Comment avez-vous gagné sa confiance ?
A la fin du déjeuner sur sa terrasse, au moment où je m’apprêtais à parler de l’histoire, ma chaise en plastique a craqué. Je me suis retrouvé assis par terre et je me suis dit : « ce rendez-vous n’aurait pas pu être pire ! » Franco s’est immédiatement levé, est venu m’aider et m’a fait apporter une autre chaise. Au moment où il s’est rassit, c’est sa chaise qui a craqué ! On a éclaté de rire : la glace était rompue... Une vraie amitié est née entre nous.
Pourquoi avoir choisi Alexandra Maria Lara?
Parce que c’est non seulement une actrice talentueuse mais aussi une femme qui n’a pas un grain de méchanceté dans l’âme. Je pense que sa tendresse est un signe de courage et c’est ce qui plait au public. C’est quelqu’un qui réchauffe les cœurs.
Le duel entre Heiner Lauterbach et Elyas M’Barek est très symbolique de votre vision de la justice ?
Oui, ils incarnent des points de vue philosophiques légaux très différents : Richard Mattinger représente clairement la position juridique formelle qui ne jure que par la lettre de la loi, tandis que Caspar milite pour la justice.
Vous avez utilisé plusieurs caméras dans la salle d’audience ?
Nous avons tourné avec trois caméras simultanément. Cela nous a permis de répéter et jouer les scènes sans interruptions, sur des prises de parfois trente minutes.

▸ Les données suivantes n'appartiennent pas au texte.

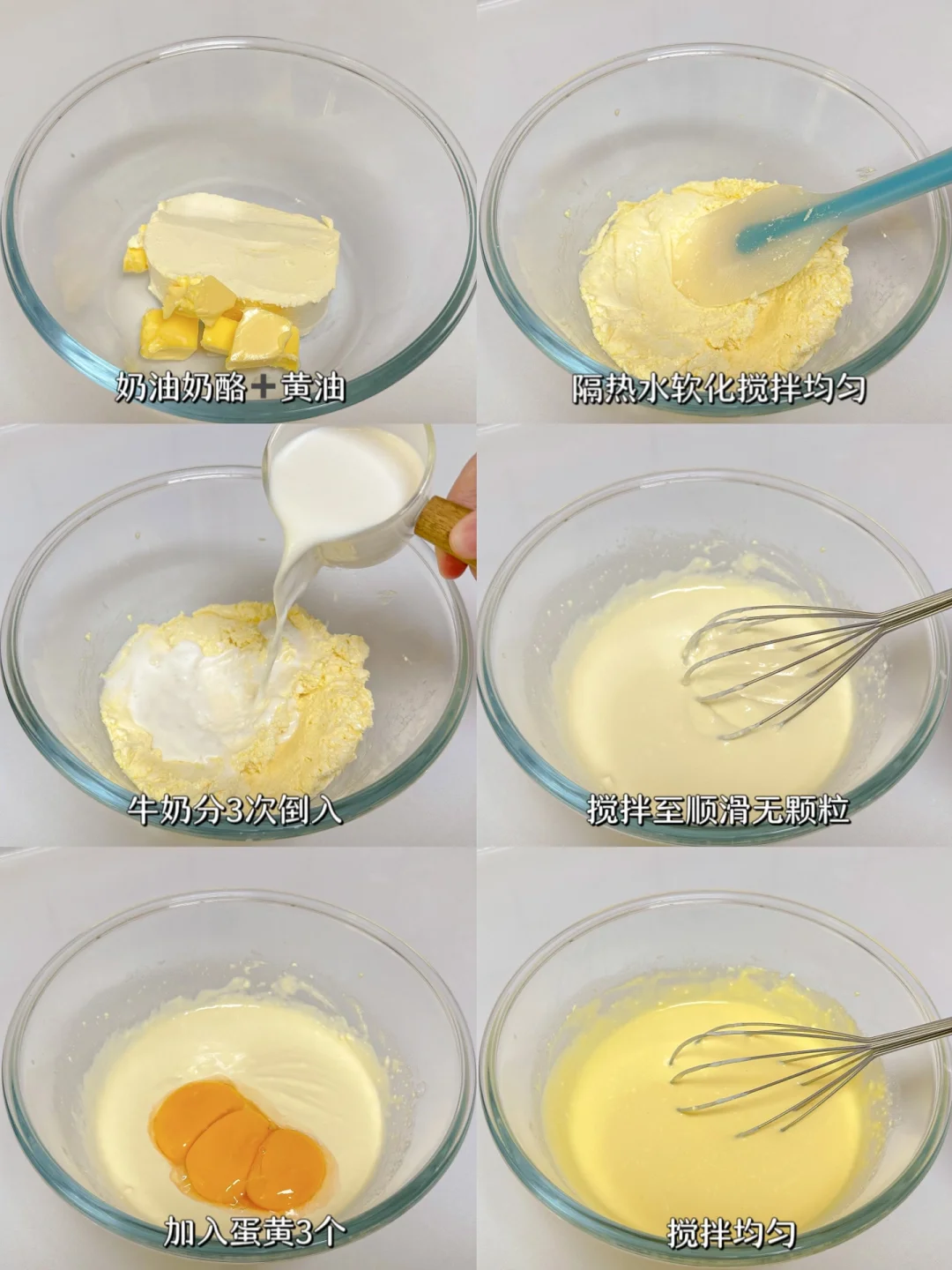 1⃣️奶油奶酪加黄油隔热水软化搅拌均匀,牛奶分3次加入并搅拌至顺滑无颗粒,加入蛋黄3个搅拌均匀,筛入低筋面粉和玉米淀粉搅拌均匀,将蛋黄糊过筛一遍备用。
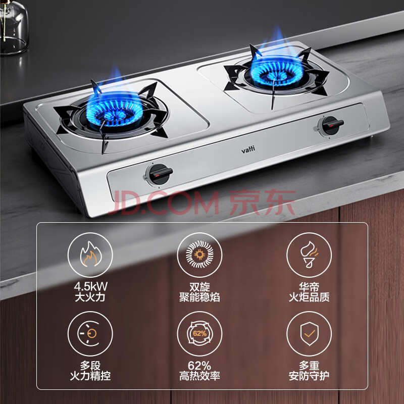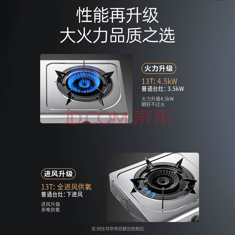 商品相册:华帝官方不锈钢台式燃气灶4.5kW猛火熄火保护煤气灶双灶台灶具i10013T【天然气产品】第

C’était comme au théâtre : on commençait par travailler avec les acteurs uniquement sur les dialogues, ensuite on chorégraphiait les mouvements tout en incorporant les idées des acteurs et enfin on filmait. Je dois dire que notre directeur de la photographie, Jakub Bejnarowicz est l’un des meilleurs d’Europe. Il a une façon très organique de travailler avec la lumière. Par ses mouvements de caméra et à la façon dont elle flotte à travers l’espace, il réussit à ce que chaque émotion qui transparait sur les visages de chaque acteurs soit visible à l’écran. Sa technologie m’a fourni une immense liberté parce qu’elle lui permettait de réagir à la seconde. Il a tourné en prise de vue anamorphique, en format Super Widescreen et en Scope. Le film se joue sur trois niveaux temporels : en 2001 quand Caspar paraît en cour d’assise, en flashbacks pour les souvenirs de Caspar dans les années 80 et dans l’année 1944. On tenait à ce que ces scènes de 1944 aient de fortes résonnances contemporaines, c’est pourquoi nous les avons tournées en digital comme les scènes se passant en 2001. Il n’y a que les scènes des années 80 que nous avons tourné en analogue au format classique de 35mm et je pense que tout cela a donné un résultat visuel très excitant.
Quel était votre plus gros défi en réalisant ce film?
Les scènes de tribunal étaient particulièrement compliquées : quatre-vingt figurants, six stars allemandes et une star internationale. Chaque acteur souhaite qu’on lui apporte une attention particulière et qu’on s’assure que tout le potentiel décrit au scénario soit exploité, voire surpassé, au moment de filmer. Il est inévitable qu’à un moment donné on atteigne nos propres limites verbales, physiques et mentales. Le meilleur conseil à donner à tout réalisateur est donc d’oublier son ego à l’entrée du plateau tous les matins et donner toute son énergie au film.
Votre dernier mot sur « L’Affaire Collini » ?
Ce film traite de l’un des plus gros scandales de l’histoire judiciaire allemande. J’espère qu’il permettra d’informer tous ceux , et ils sont nombreux, même en Allemagne, qui en ignoraient l’existence.